■ What you will do
For this task, output exactly the lines of the material below starting at the line with "Seek new thrills" and ending at the line with "In case you"; pictures are to be excluded.

■ Supplied entries

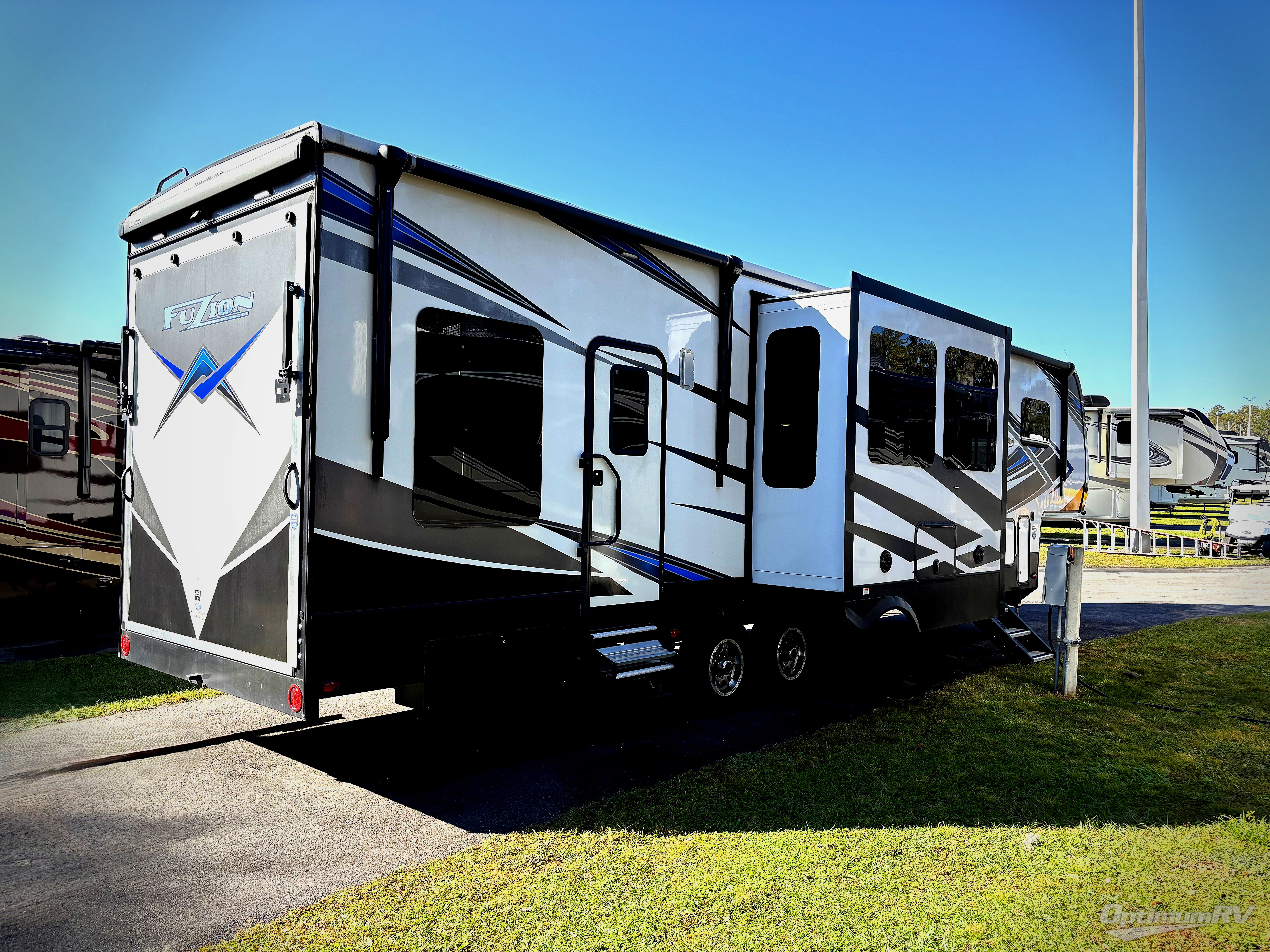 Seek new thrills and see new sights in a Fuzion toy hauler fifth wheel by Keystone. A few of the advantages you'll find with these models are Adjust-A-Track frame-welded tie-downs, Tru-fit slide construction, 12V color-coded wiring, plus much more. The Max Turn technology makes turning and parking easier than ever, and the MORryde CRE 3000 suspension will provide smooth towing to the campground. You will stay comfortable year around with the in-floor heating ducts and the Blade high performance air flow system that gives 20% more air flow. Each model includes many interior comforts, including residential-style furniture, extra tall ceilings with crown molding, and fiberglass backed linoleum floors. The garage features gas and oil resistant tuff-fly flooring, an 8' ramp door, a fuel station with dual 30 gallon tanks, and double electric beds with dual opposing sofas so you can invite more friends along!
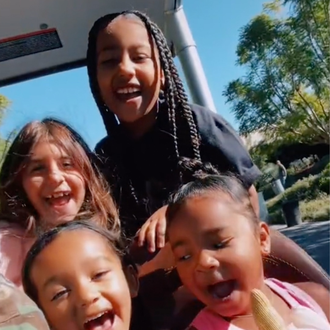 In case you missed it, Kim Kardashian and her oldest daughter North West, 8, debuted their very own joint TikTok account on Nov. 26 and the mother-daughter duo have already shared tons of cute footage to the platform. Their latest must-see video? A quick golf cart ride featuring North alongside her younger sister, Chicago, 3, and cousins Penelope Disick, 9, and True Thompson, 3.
* * *
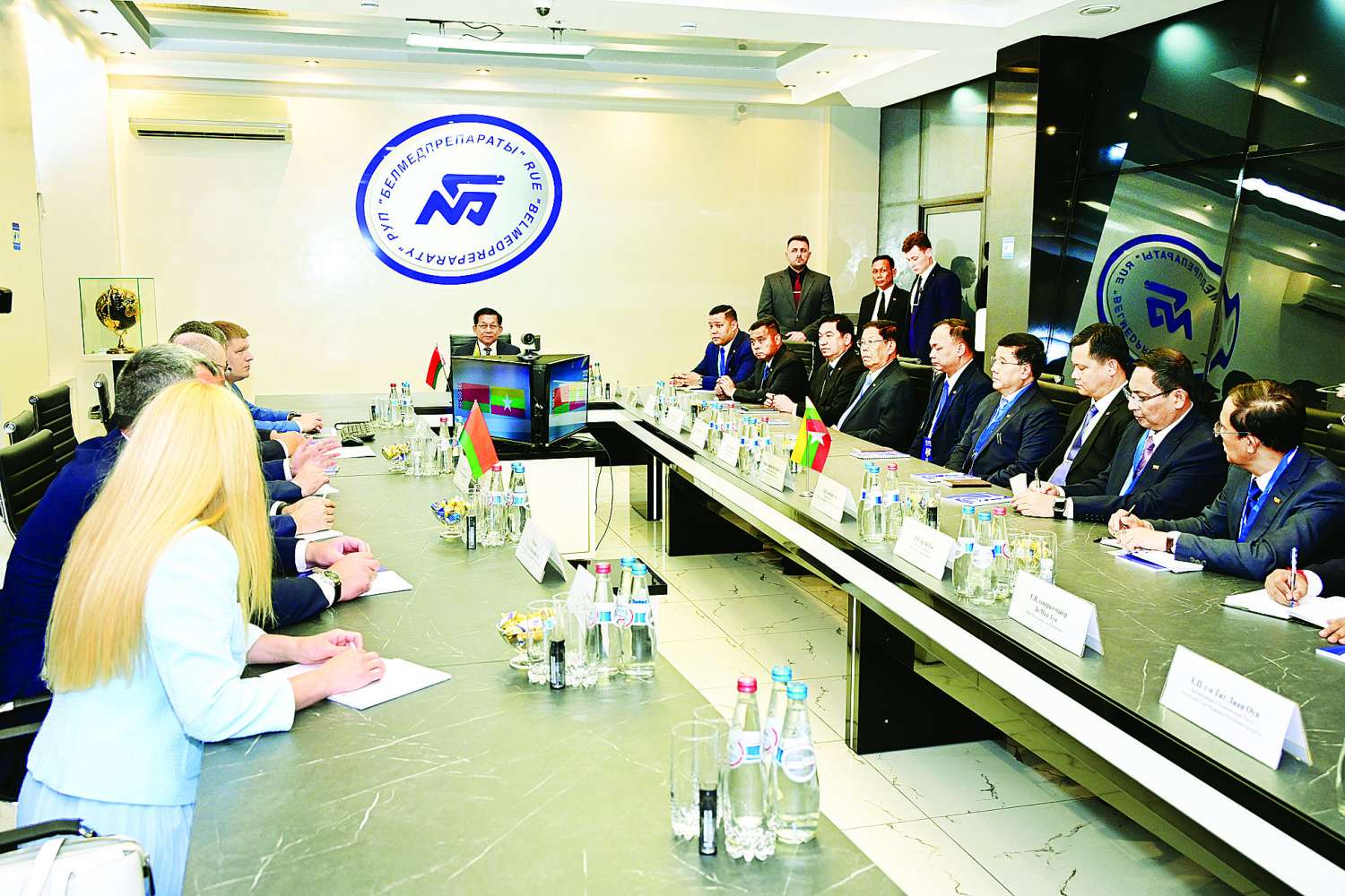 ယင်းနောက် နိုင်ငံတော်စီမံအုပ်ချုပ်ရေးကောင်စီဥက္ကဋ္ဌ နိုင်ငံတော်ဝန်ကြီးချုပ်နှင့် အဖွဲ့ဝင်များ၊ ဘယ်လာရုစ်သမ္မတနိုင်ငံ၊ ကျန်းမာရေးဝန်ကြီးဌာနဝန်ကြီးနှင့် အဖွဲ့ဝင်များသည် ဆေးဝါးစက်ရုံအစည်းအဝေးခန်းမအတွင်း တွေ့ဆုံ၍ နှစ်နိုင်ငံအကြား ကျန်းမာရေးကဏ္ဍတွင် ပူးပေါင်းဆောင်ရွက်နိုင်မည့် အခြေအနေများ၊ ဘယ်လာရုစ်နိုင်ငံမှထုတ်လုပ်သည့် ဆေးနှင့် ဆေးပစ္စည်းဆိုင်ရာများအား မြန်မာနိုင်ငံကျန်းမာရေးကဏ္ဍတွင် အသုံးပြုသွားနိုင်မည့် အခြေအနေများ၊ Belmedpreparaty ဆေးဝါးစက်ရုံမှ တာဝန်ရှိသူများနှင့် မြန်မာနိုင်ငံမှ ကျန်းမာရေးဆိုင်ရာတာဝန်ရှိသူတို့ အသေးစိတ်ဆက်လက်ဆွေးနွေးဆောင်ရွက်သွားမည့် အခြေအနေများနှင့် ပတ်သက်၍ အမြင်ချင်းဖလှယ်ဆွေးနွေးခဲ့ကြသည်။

■ Answer below
 Seek new thrills and see new sights in a Fuzion toy hauler fifth wheel by Keystone. A few of the advantages you'll find with these models are Adjust-A-Track frame-welded tie-downs, Tru-fit slide construction, 12V color-coded wiring, plus much more. The Max Turn technology makes turning and parking easier than ever, and the MORryde CRE 3000 suspension will provide smooth towing to the campground. You will stay comfortable year around with the in-floor heating ducts and the Blade high performance air flow system that gives 20% more air flow. Each model includes many interior comforts, including residential-style furniture, extra tall ceilings with crown molding, and fiberglass backed linoleum floors. The garage features gas and oil resistant tuff-fly flooring, an 8' ramp door, a fuel station with dual 30 gallon tanks, and double electric beds with dual opposing sofas so you can invite more friends along!
 In case you missed it, Kim Kardashian and her oldest daughter North West, 8, debuted their very own joint TikTok account on Nov. 26 and the mother-daughter duo have already shared tons of cute footage to the platform. Their latest must-see video? A quick golf cart ride featuring North alongside her younger sister, Chicago, 3, and cousins Penelope Disick, 9, and True Thompson, 3.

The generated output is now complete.